SLA Faculty/Student Summer Research Partnerships

Summer 2025 competition:

SLA core faculty are invited to submit applications for summer research support that would involve an SLA student project assistant. The purpose of this small grant program is to support SLA faculty research and to provide SLA students with the opportunity to work with faculty on some aspect of a research project: SLA students gain research experience while faculty are provided with research assistance.

To apply: SLA faculty should send the following to SLA program coordinator Jana Martin by 12:00 pm, April 1, 2025:

  • a short paragraph that describes the research project
  • the graduate student(s) with whom you will be working (if known)
  • the approximate number of hours needed

​Students will be paid as hourly project assistantships (PAs) at the hourly rate for PAs. In 2025, the program has funding to support a total of approximately 50 hours of PA hourly support.

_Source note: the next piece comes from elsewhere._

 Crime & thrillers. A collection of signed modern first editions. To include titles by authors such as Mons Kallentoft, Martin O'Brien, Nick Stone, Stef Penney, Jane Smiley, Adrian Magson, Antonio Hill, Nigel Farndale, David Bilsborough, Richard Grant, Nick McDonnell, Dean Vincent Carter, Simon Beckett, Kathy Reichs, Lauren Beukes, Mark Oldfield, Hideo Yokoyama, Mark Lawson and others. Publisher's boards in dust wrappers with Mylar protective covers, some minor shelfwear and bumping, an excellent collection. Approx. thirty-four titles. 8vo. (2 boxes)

Funding for this small grant program is through the Language Institute. We are pleased to have supported 30 summer research projects from 2015-24.

Summer 2024 Awards

Jacee Cho and Lidia Gault

Research addressing L2 acquisition of Russian motion verbs by L1-English and L1-Korean speakers, including implementation of project survey test items on Qualtrics, recruitment and testing of participants, and working on data entry and organization for analysis.

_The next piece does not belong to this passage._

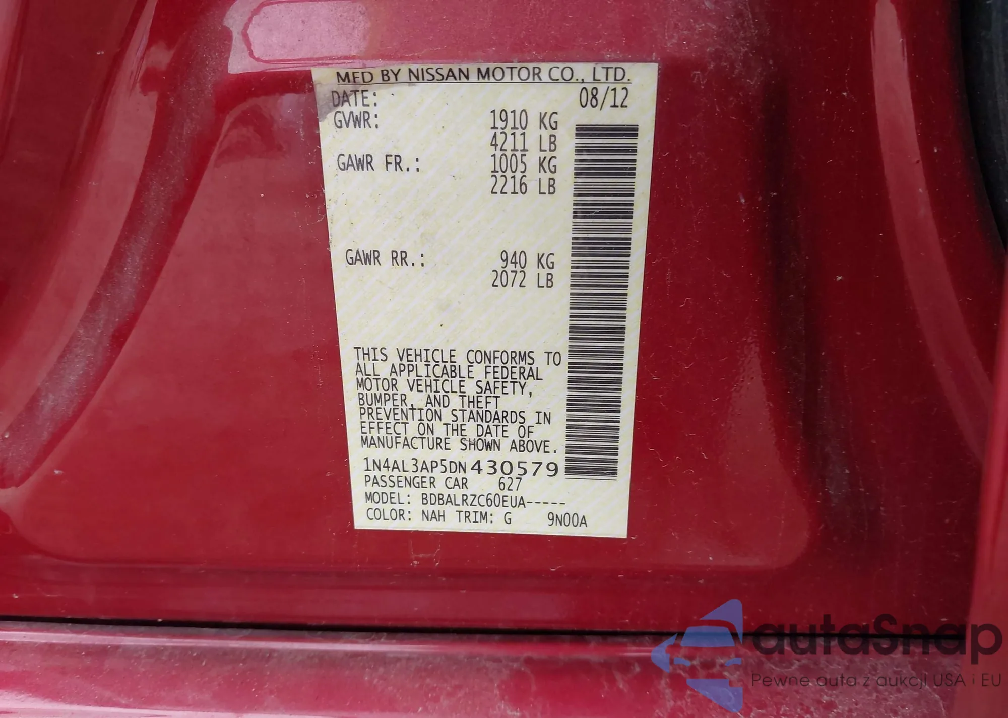 VIN: 1N4AL3AP5DN430579

Julia Goetze and Martiniano Etchart

Supporting ACTFL Grant study by conducting follow-up interviews with the study’s survey respondents.

Diego Román with Angela Lake (C&I)

Research on perceptions of teachers of multilingual Latinx students in rural Wisconsin, focusing on the analysis of interviews that were conducted with teachers and administrators from three rural school districts in the state.

Previous Awards

2023

Julia Goetze and Patricia Haberkorn
Development and piloting of a survey rating scale for a survey-based project that investigates two cognitive processes hypothesized to regulate FL teachers’ emotion.

2022

Cathy Stafford and Martiniano Etchart
Research addressing the role of emotions and sense of belonging among Wisconsin Latino individuals, including review of audio recordings/selection for analysis; coding and analysis; and literature review.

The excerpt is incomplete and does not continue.